Figures 2 and 3 provide a snapshot of the general trends resulting from the above-discussed findings. Regardless of the specific figures, there seems to be a considerable level of consistency between the results obtained in the different analyses.

Fig. 2
figure 2

Accuracy rate of ILS workflows as measured with the NTR and IRA models

Fig. 3
figure 3

Accuracy ranking of ILS workflows

Before discussing the first tentative trends resulting from the comparative analysis of these studies, it is important to note that this is not a systematised battery of experiments designed and carried out in parallel by one single group of researchers. Instead, it is a compilation of the results obtained by a number of researchers who share the same objectives and ambitions, but who have worked separately (although not in isolation), with different language pairs and directions, and testing different workflows in different situations, from real-life environments to experimental settings, and from online to face-to-face scenarios. Unsurprisingly, then, the results are not totally consistent in terms of specific accuracy rates, but some interesting trends are beginning to emerge:

  • Workflow 2 (simultaneous interpreting and intralingual respeaking) seems to be the most efficient method, ranking first in three of the analyses and second in the other two. Workflow 5 can be found on the other side of the spectrum, ranking 4th or 5th in the four studies in which it was tested;

  • Workflow 1 (interlingual respeaking), the only one where one human alone is in charge of the whole ILS process, fared well in the experiments, except in Pagano’s study, where it ranked 4th. Eugeni did not test interlingual respeaking, but interlingual velotyping, which achieved very good results. More research is needed to draw clear conclusions, but it does seem that this type of ILS carried out by a single human is neither a pipe dream nor an unsurmountable task for interpreters, but rather a thriving trend and a promising new opportunity with sufficient potential for widespread use as long as good training is provided;

  • Workflow 4 (intralingual respeaking and MT), which, as will be discussed in the next section, remains virtually untested in the professional arena, has yielded good results in all studies. Conversely, workflow 3 (simultaneous interpreting and ASR), which is being favoured by language and access service providers, has fared fairly poorly.
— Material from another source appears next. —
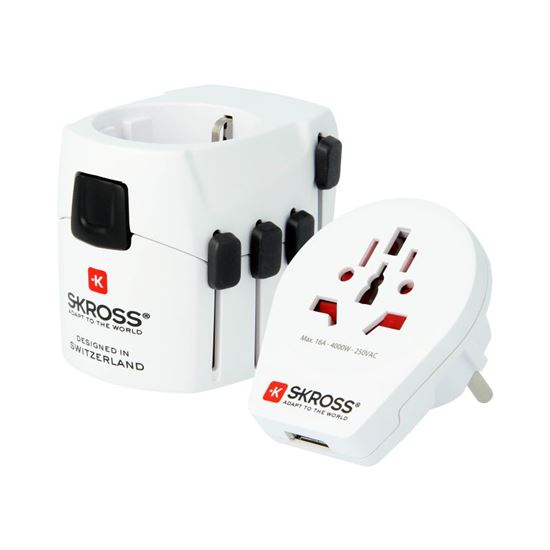 Najvýkonnejší uzemnený adaptér SKROSS PRO - World & USB umožňuje bezpečné pripojenie európskych zariadení vo viac ako 120 krajinách. Vďaka prídavnému nástavcu pre prívodné šnúry z rôznych regiónov rozširuje svoju použiteľnosť až na 205 destinácií. Podporuje dvojpólové aj trojpólové zástrčky a vďaka maximálnej záťaži 7 A zvládne aj náročnejšie spotrebiče, ako sú notebooky alebo cestovné fény.

As has been discussed, these trends seem all the more promising if we take into account the different conditions under which the various studies were carried out (language pairs/directions, real-life vs experimental settings, online vs face-to-face scenarios, etc.). In this sense, there are two additional factors that may have significant implications for future research on ILS: the profile of the participants and the type of training provided.
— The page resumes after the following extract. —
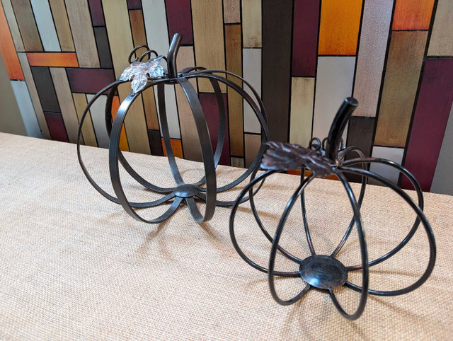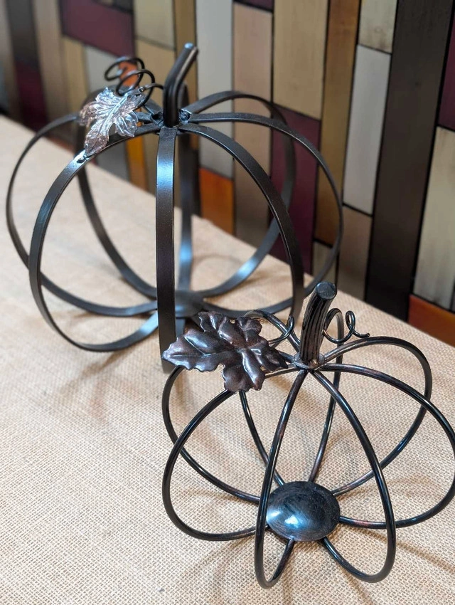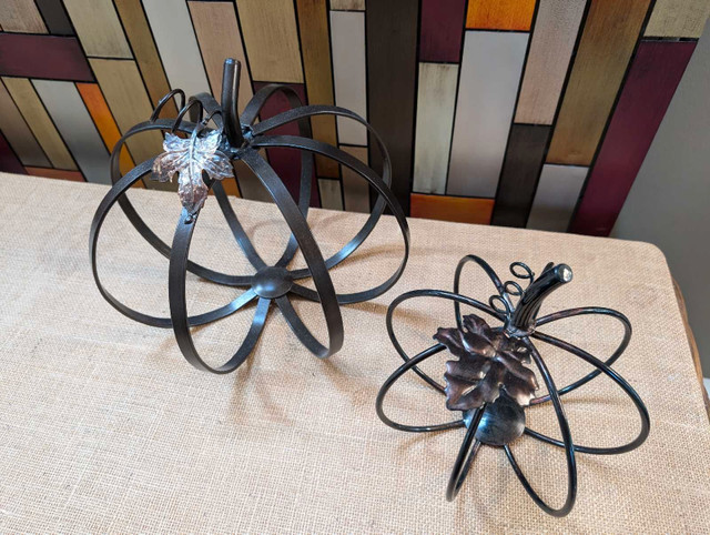 Large and medium metal pumpkin SET in a beautiful bronzy brown. Gorgeous Fall decor! In perfect condition!

The highest accuracy results, including some above the 98% quality threshold set by the NTR model, were obtained in the studies by Dawson [15] and Romero-Fresco and Alonso-Bacigalupe [13], both of which resorted to professionals. Pagano’s participants, who were postgraduate students in conference interpreting, did not reach this threshold. Still, their results were fairly good, which may be explained by the length of the training she provided: one 70-h workshop for each of the experiments she conducted. Also relevant is the experience obtained through the SMART project, in which 35 professional subtitlers and interpreters with different language combinations were trained as interlingual respeakers. Although some top-performing participants reached accuracy rates of 96–98% with the NTR model, the average accuracy rate was 95.37%, well below the minimum 98% target. Here, the low average accuracy may be explained by the fact that, despite being professionals, the participants only received unmonitored online training, which did not seem to be as efficient as the training provided in the other studies. Although more research is needed to draw firm conclusions, it would seem that, given the challenging nature of ILS, in order to obtain optimum accuracy rate results in empirical studies in this area, it may be necessary to use professionals and to provide them with as thorough and supervised a training programme as possible.

Finally, as mentioned above, quality and efficiency in ILS are not only determined by accuracy. Other factors, such as delay and cost, must also be factored in. An analysis of the studies that looked at delay (Eugeni, Pagano, Dawson, Romero-Fresco and Alonso-Bacigalupe) and cost (Romero-Fresco and Alonso-Bacigalupe) shows an interesting pattern: the more automatic the method (especially workflow 5), the lower the delay, the cost and the accuracy. Conversely, the more human the method (especially workflows 1 and 2), the higher the delay, the cost and the accuracy. In between these two poles are workflows 3 and 4, which may not be as accurate as the completely human methods but which may constitute an interesting happy medium in terms of overall quality and efficiency. The following section provides a brief account of how the industry is reacting to these different workflows when it comes to the production of ILS.

4 Professional ILS

All five workflows tested in the studies analysed in the previous section are being used by the industry. Some are, however, more common than others. As explained by professional STT interpreter Nancy Guevara [17, 18], the most recurrent ones seem to be workflows 1 and 2: interlingual respeaking and the combination of simultaneous interpreting and intralingual respeaking. Figure 4 shows Guevara’s set-up for the provision of ILS through workflow 1Footnote 1:

Fig. 4
figure 4

Nancy Guevara’s set-up for the provision of interlingual live subtitles through interlingual respeaking (workflow 1)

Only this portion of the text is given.